Toledo, que fue Corte hasta mayo de 1561, era el destino final de los esposos. La Real Entrada que hicieron en la ciudad costó 12.000 ducados, el doble de lo que había supuesto la de Madrid, y de nuevo las alusiones a la Paz de Catêau-Cambresis ocuparon la ciudad. Tres arcos efímeros la aludían insistentemente; en el segundo, aparecía Vulcano apagando la fragua donde antaño había fabricado las armas para combatir al rey francés, mientras construía una nueva en la que forjaría otras que servirían para hacer frente a los “enemigos de la religión”. Esta alegoría, que no representaba directamente a la nueva Reina, era, sin embargo, premonitoria de la situación en la que frecuentemente se encontró la Soberana. Isabel de Valois se sintió “entre dos fuegos”: sometida al apremio que ejercía sobre ella su madre y a la obligación de obediencia debida a su esposo. Quizá por esta razón, tendió en algunos momentos a evadirse de las responsabilidades políticas que sobre ella recaían y alentó la celebración de representaciones teatrales o fiestas cortesanas que sirvieran para distraerla, a la par que elevaron los gastos de su Real Casa.
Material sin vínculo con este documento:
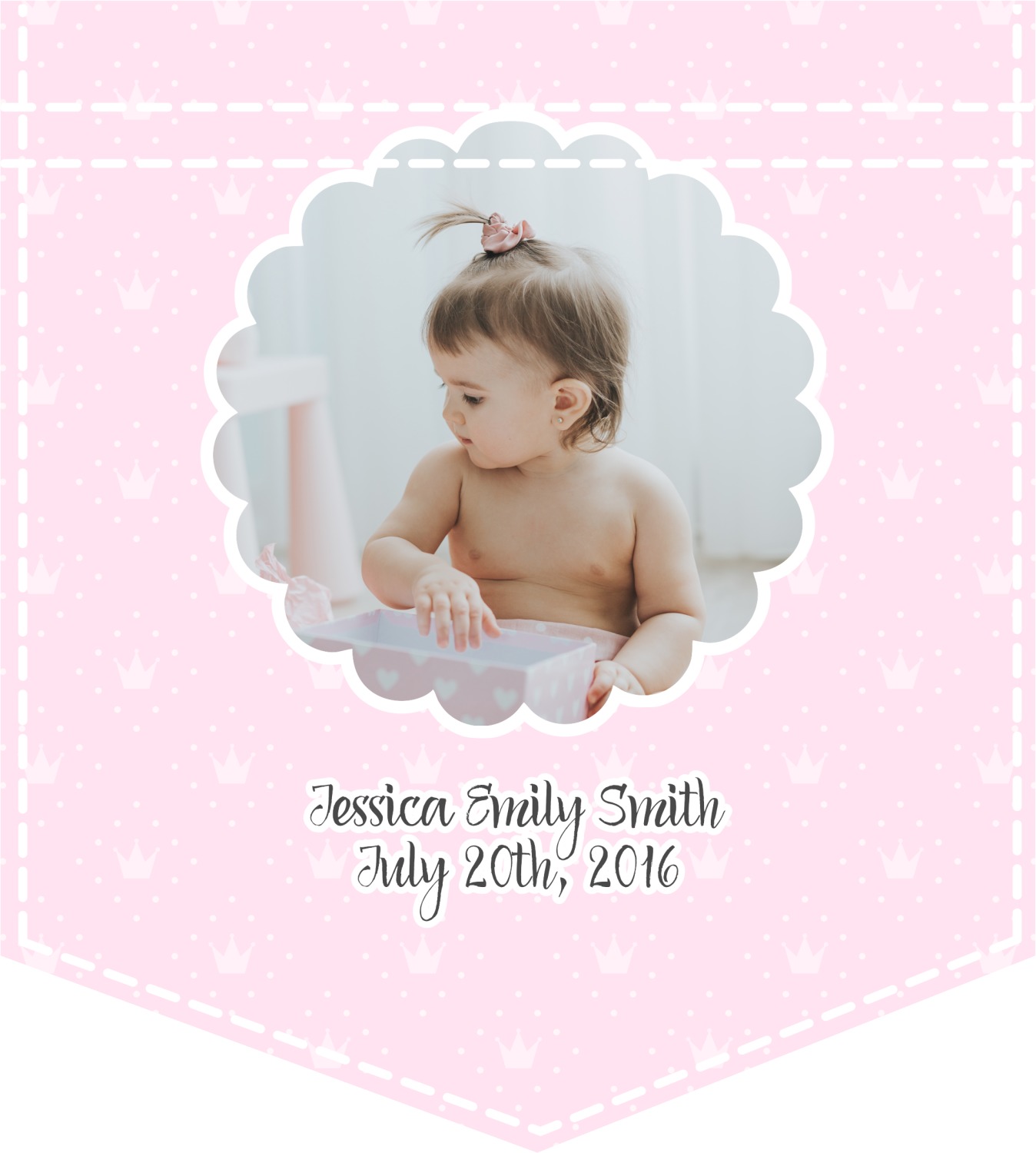 This design is for baby girls. The background is a baby pink background with crowns and polka dots. In the middle of the design is a scalloped frame to upload your baby's picture into (make sure it is high quality!). Underneath you are able to put personalized text with their birthday or whatever you like.

Quizá por ello se ha exagerado su imagen de joven indolente y superficial, entregada a los placeres cortesanos. Sin embargo, su labor de intermediación entre Felipe II y Catalina de Médicis no fue inútil, pues a menudo amortiguó los choques entre ambos reinterpretando de forma positiva posturas políticas inadmisibles y reduciendo las mutuas fricciones, hostilidades y sospechas.
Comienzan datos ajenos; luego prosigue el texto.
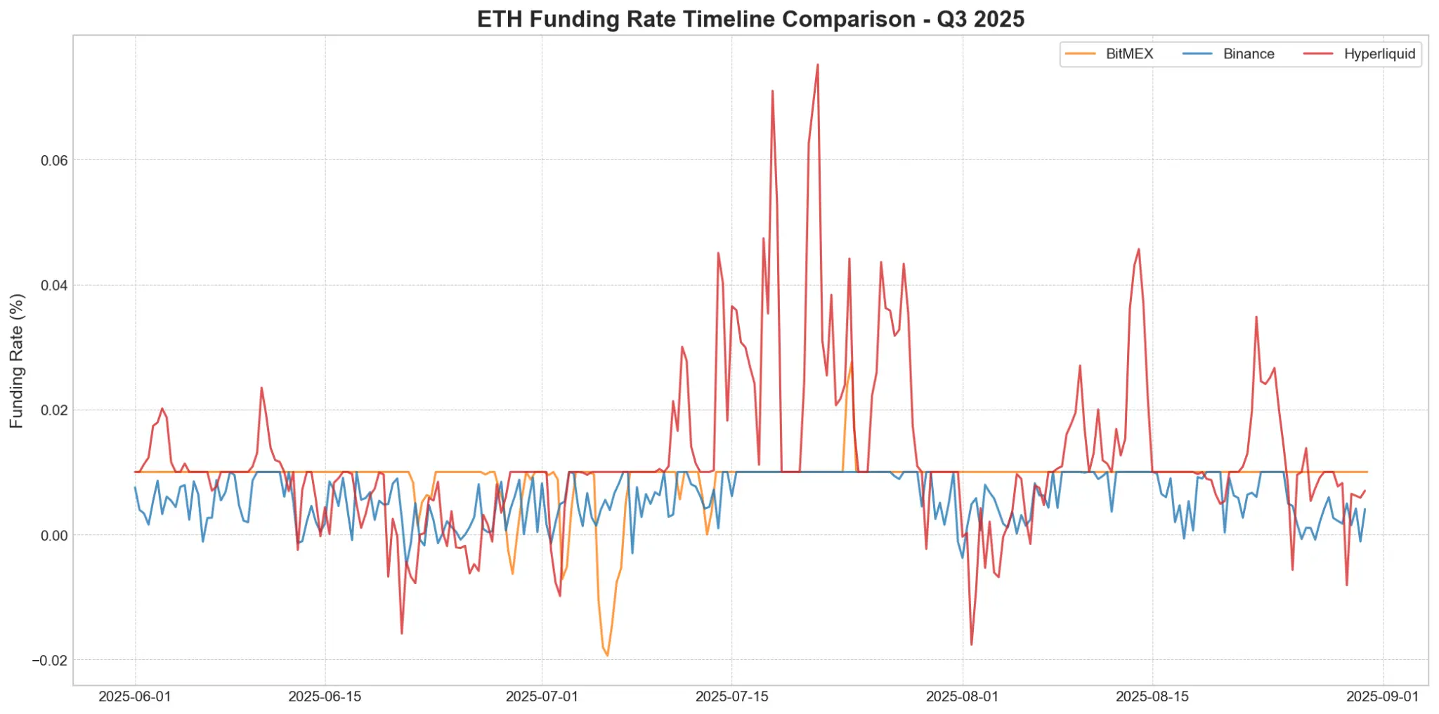 Funding rate analysis of Ethereum (ETH) on BitMEX, Hyperliquid, and Binance, as well as Hyperliquid

Una de las actuaciones más relevantes de Isabel en el plano político fue la Conferencia de Bayona de 1565, las famosas “Vistas” que tuvieron lugar entre el 15 de junio y el 2 de julio de ese año. Catalina, que había propiciado en Francia un primer “Edicto de Tolerancia” con los protestantes en 1561, intentó celebrar, a partir de 1563, un encuentro al más alto nivel con Felipe II para explicar su postura “negociadora” al rey católico. El monarca español se mostró reticente, pero al final, en 1565, se avino a celebrarlo camuflado en un encuentro familiar entre madre e hija cerca de la frontera. Felipe II envió con la Reina al duque de Alba, en detrimento del príncipe de Éboli, Ruy Gómez de Silva, que era el candidato de Catalina y al que la regente consideraba un político más flexible que Alba. Sin embargo, el Rey prefirió estar representado por alguien que compartiera totalmente su postura y que se mostrara inasequible ante la regente, en la demanda de una política religiosa firme que olvidara las concesiones otorgadas a los protestantes. Cuando quedaba poco tiempo para finalizar las jornadas, que habían transcurrido entre suntuosas fiestas y singulares divertimentos, pero sin ningún fruto político, Alba pidió la intercesión de Isabel para hacer llegar su mensaje a Catalina. Ésta aceptó recibir a Alba, pero insistió en que la Reina estuviese presente en la reunión, creyendo que así moderaría las críticas del duque. Sin embargo, Isabel —que el 26 de julio había recibido en aquella ciudad la Rosa de Oro de manos del Nuncio como reconocimiento a su virtud y a su apoyo a la Iglesia Católica— sorprendió a su madre interviniendo en el debate y pidiéndole, desde el respeto, que cambiase su actitud y apoyase abiertamente la causa “correcta”, apartándose de cualquier alianza con los hugonotes. Aquel impecable papel como representante de la Monarquía española, no impidió, sin embargo, que tuviera siempre presente su “sentimiento francés”, que afloró de modo vehemente, por ejemplo, al saber la noticia del ajusticiamiento por orden del adelantado Pedro Menéndez de Avilés —al finalizar el verano de 1565—, de ciento treinta hugonotes acusados de piratas en La Florida.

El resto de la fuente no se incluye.